In a span of just few months, COVID-19 quickly transcended from being an epidemic to a pandemic bringing the whole world to a standstill. As a fresh graduate in Business Analytics, I considered applying my visualization skills in R to visualize the data provided by the John Hopkins University Center for Systems Science and Engineering to understand deeper about how this virus snowballed from being an epidemic in China in December 2019 to a global pandemic in March 2020.
This project primarily targets the initial notable events of the COVID wave that began in December 2019 to pinpoint the exact time when this epidemic got converted to a pandemic.

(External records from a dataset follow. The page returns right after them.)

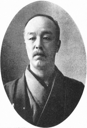 Yasutami Matsudaira
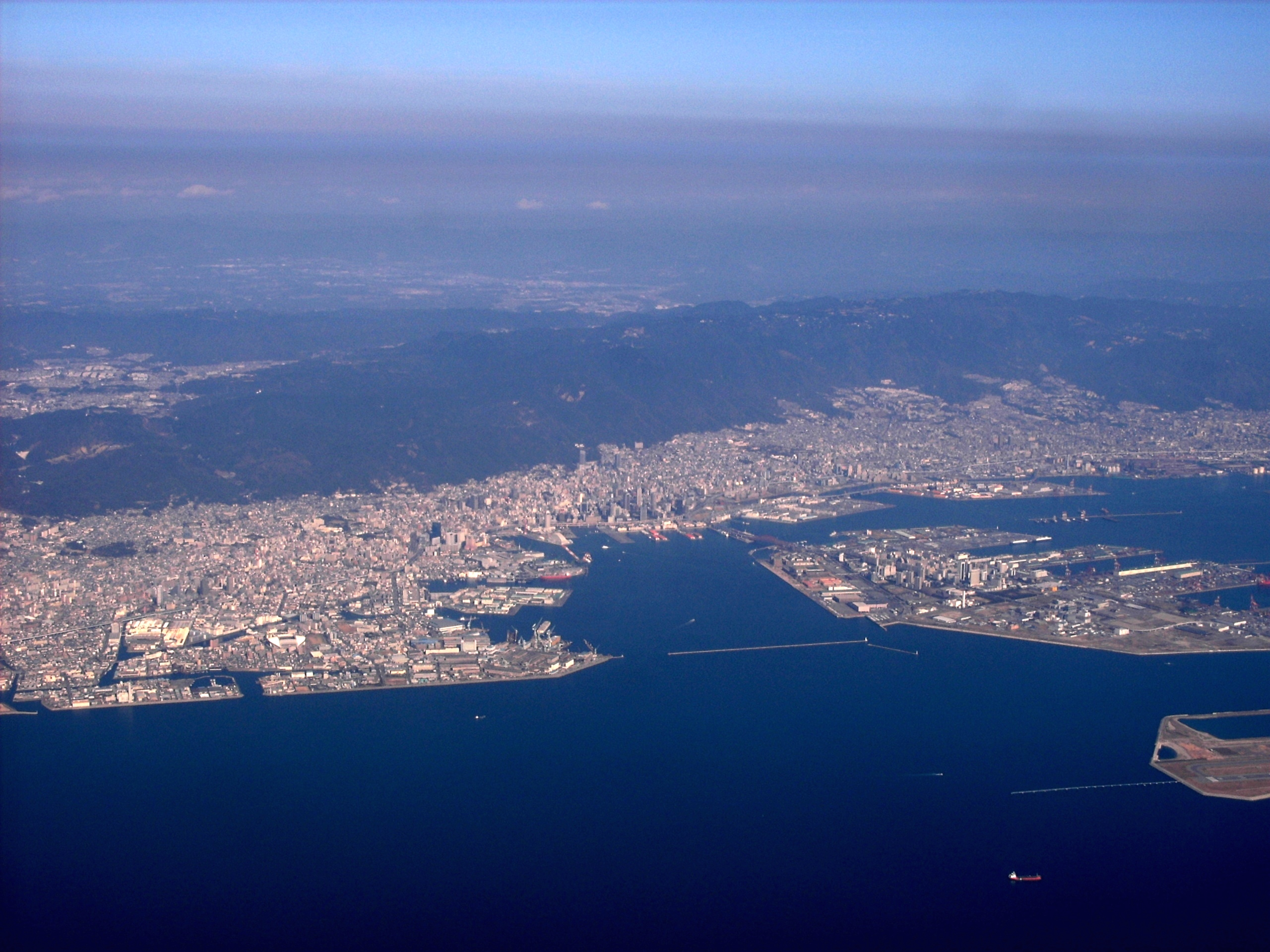 Kobe City from sky, with Rokko Mountains.
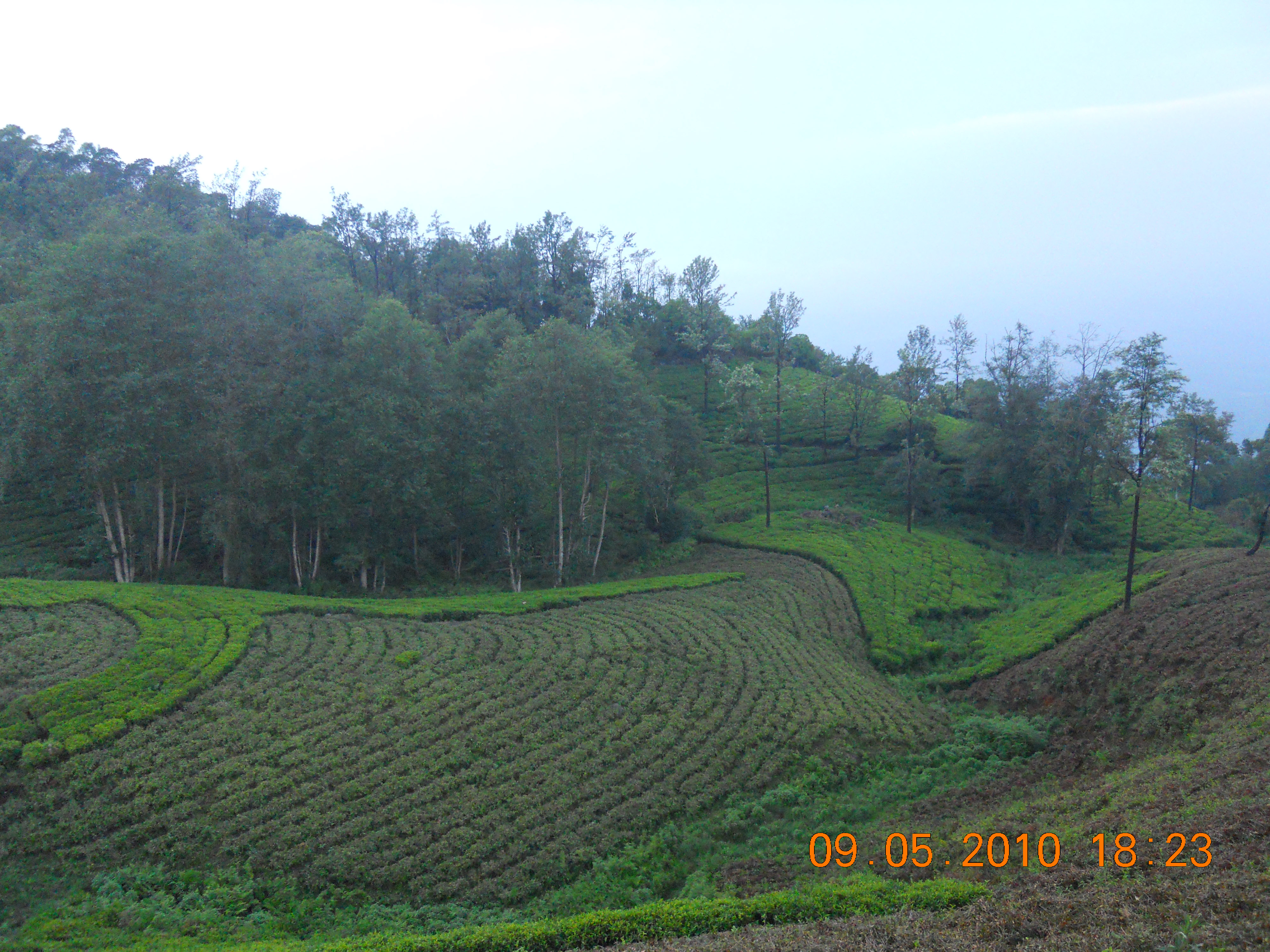 Gudalur
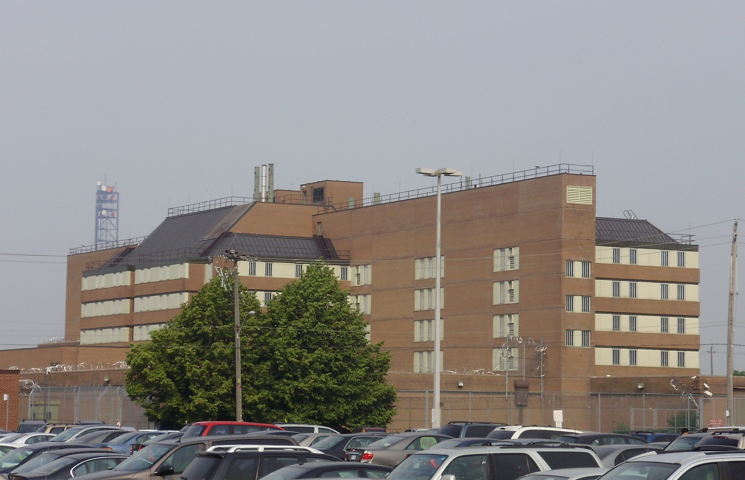 The Toronto East Detention Centre, a prison facility operated by the provincial government, off Eglinton Avenue East in Scarborough, Ontario, Canada. Photographed from a parking lot to the east of the facility.
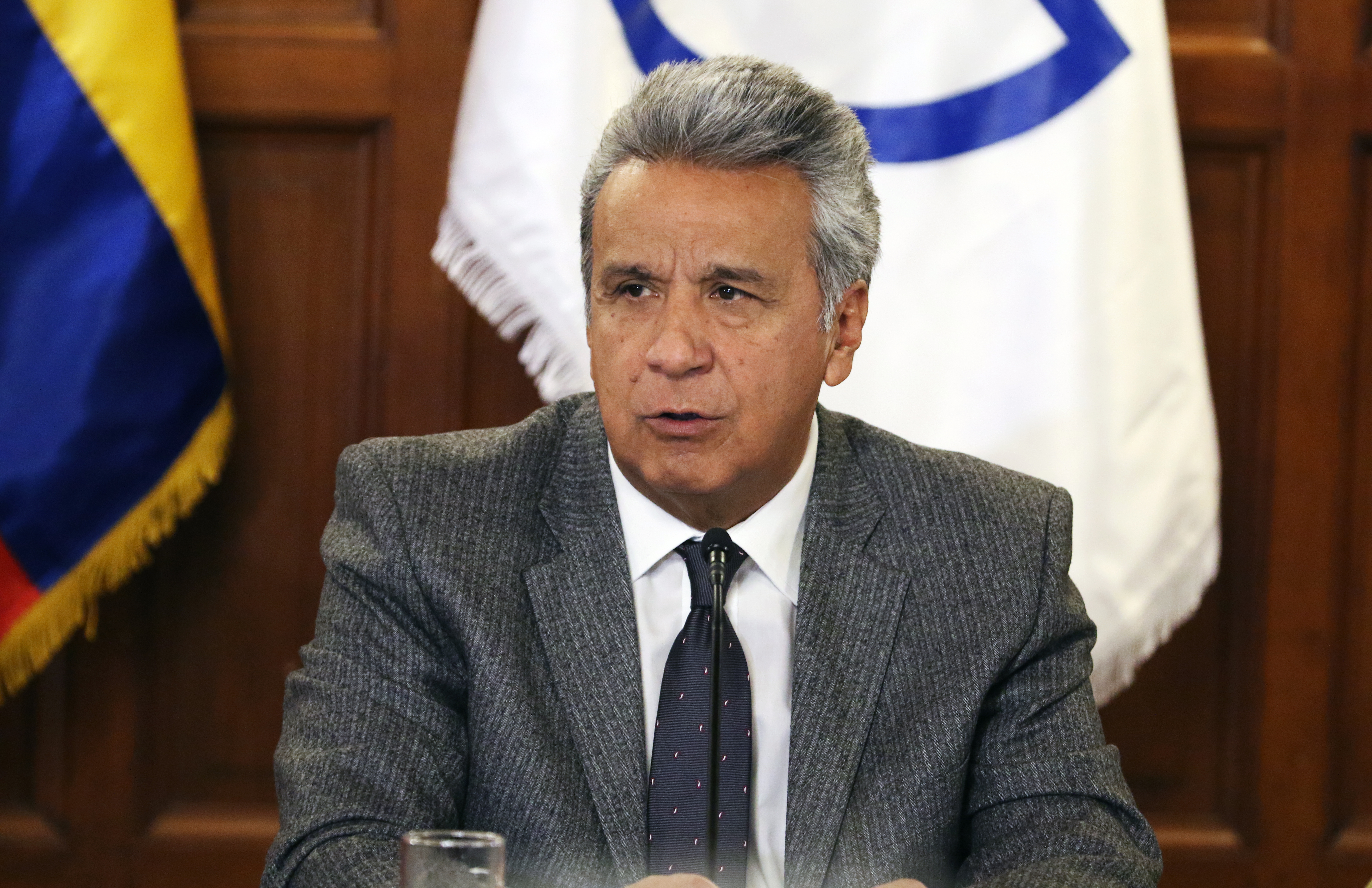 President Lenín Moreno discussing climate and geographical issues of Ecuador at a cabinet meeting in December 2017
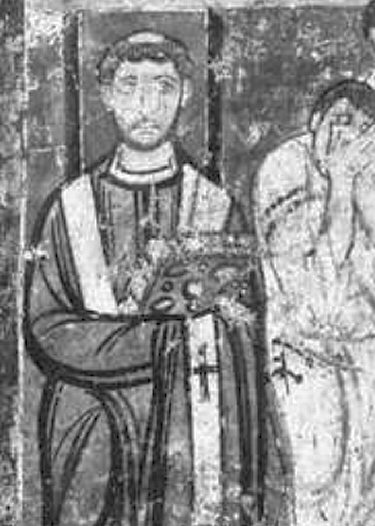 The Assumption of the Virgin, Pope St. Leo IV at left, detail of a 9th-century fresco in the basilica of S. Clemente, Rome.
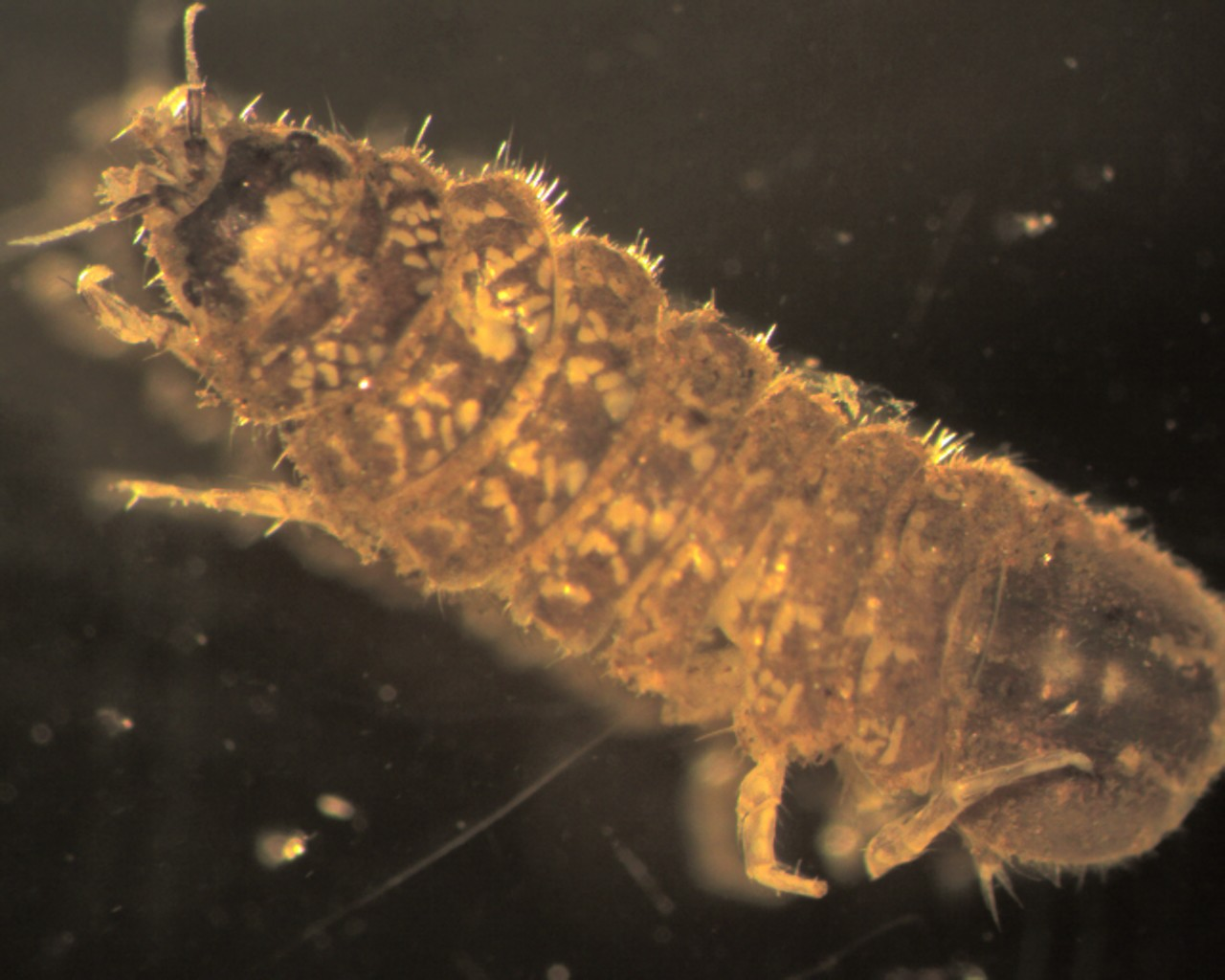 O: Isopoda F: Asellidae
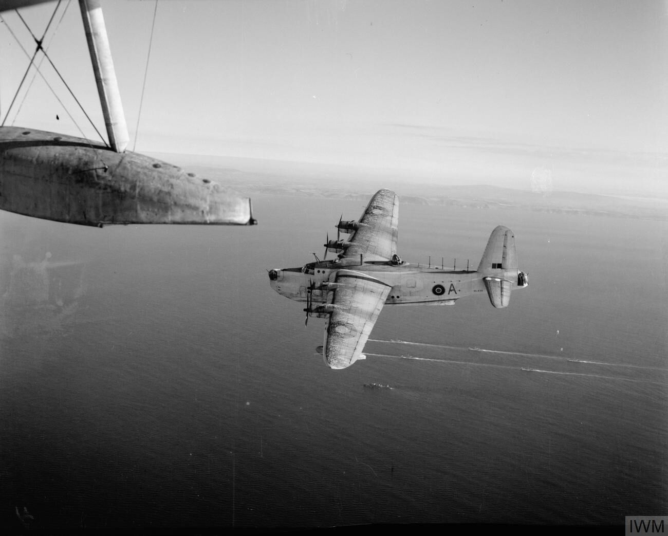 Aircraft of the Royal Air Force 1939-1945- Short S.25 Sunderland Sunderland Mark III/Mark V prototype conversion, ML839 ‘A’, of No. 10 Squadron RAAF based at Mount Batten, Devon, making a test flight off the South Coast. ML839 was refitted with Pratt & Whitney R-1830-90 Twin Wasps in place of its Bristol Pegasus XVIIIs by No.10 Squadron
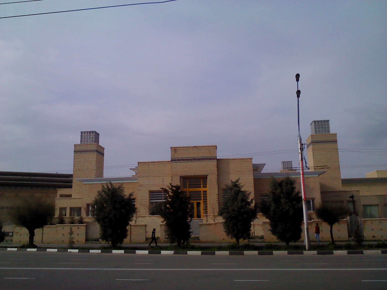 Ismaili Mosque, Dushanbe
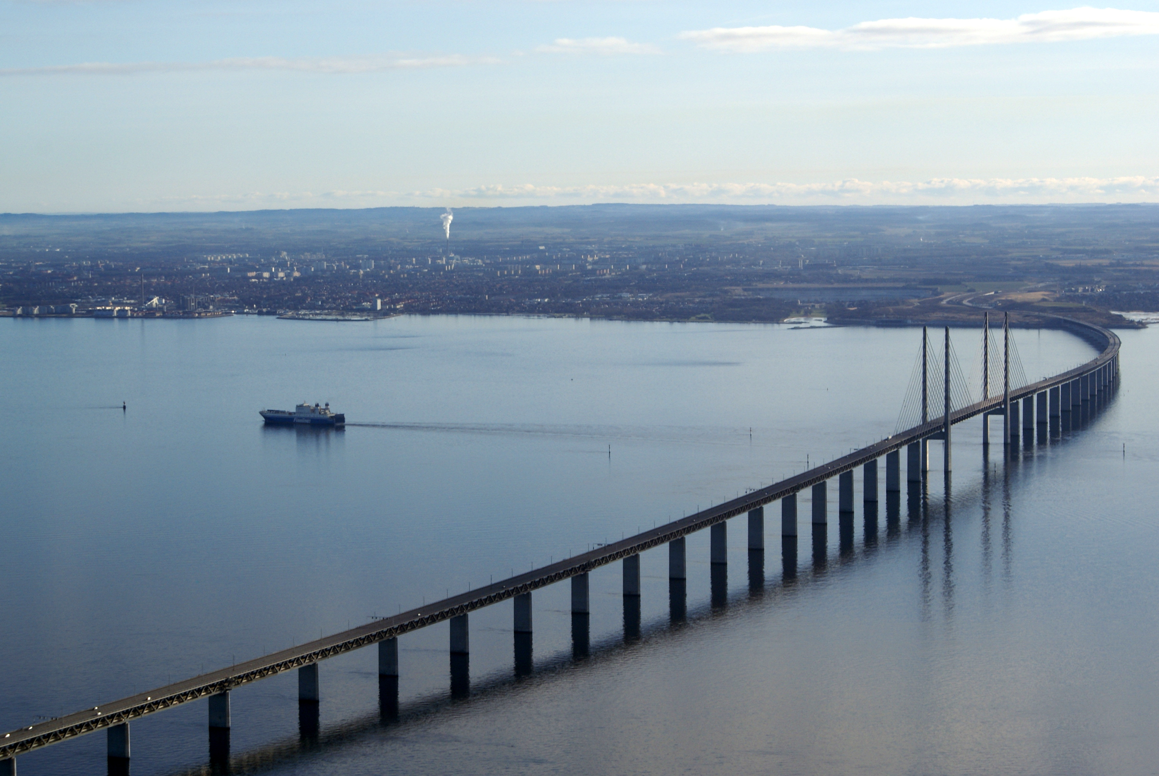 The Øresundbridge, seen from south-west.

In this project from Data Camp, I have created lucid line charts using ggplot, dplyr, readr packages by using data provided between December 11, 2019 and March 15, 2020. These graphs are intended to provide quick and simple overview of the complex data available.
Some of the key observations from this project in the form of line graphs are as mentioned below-
This graph helps us to visualize the confirmed cases worldwide. The numbers look quite terrifying with the overall cases in March reaching 200000. Also, we can see a strange jump in mid Feb, then the new cases slowing down before they rise in March.
I have now compared COVID cases in China and rest of the world separately to find out more about the global growth of COVID cases versus its place of origin.
Clearly, there is a difference in the two lines. China had the maximum cases in February which changed in March when it was actually declared as a global pandemic.
Some of the other notable WHO events that occurred during Feb and March can be seen in the plot below.
The last graph shows us the top 7 countries that were worst affected by COVID-19 as of Mid March 2020.
An interesting fact that comes to light here is 4 out of 7 countries listed above (France, Germany, Italy and Spain) are in Europe and share borders.
Although this project is not predicting the future trend of the COVID-19 pandemic, it shows us how ggplot and dplyr packages can be used to represent complex data with easy to understand visualizations in R.
Disclaimer: COVID -19 data and information is frequently being updated. The data used here was pulled on March 17th 2020 and should not be considered as the recent most data available. This project has been purely executed for educational motives.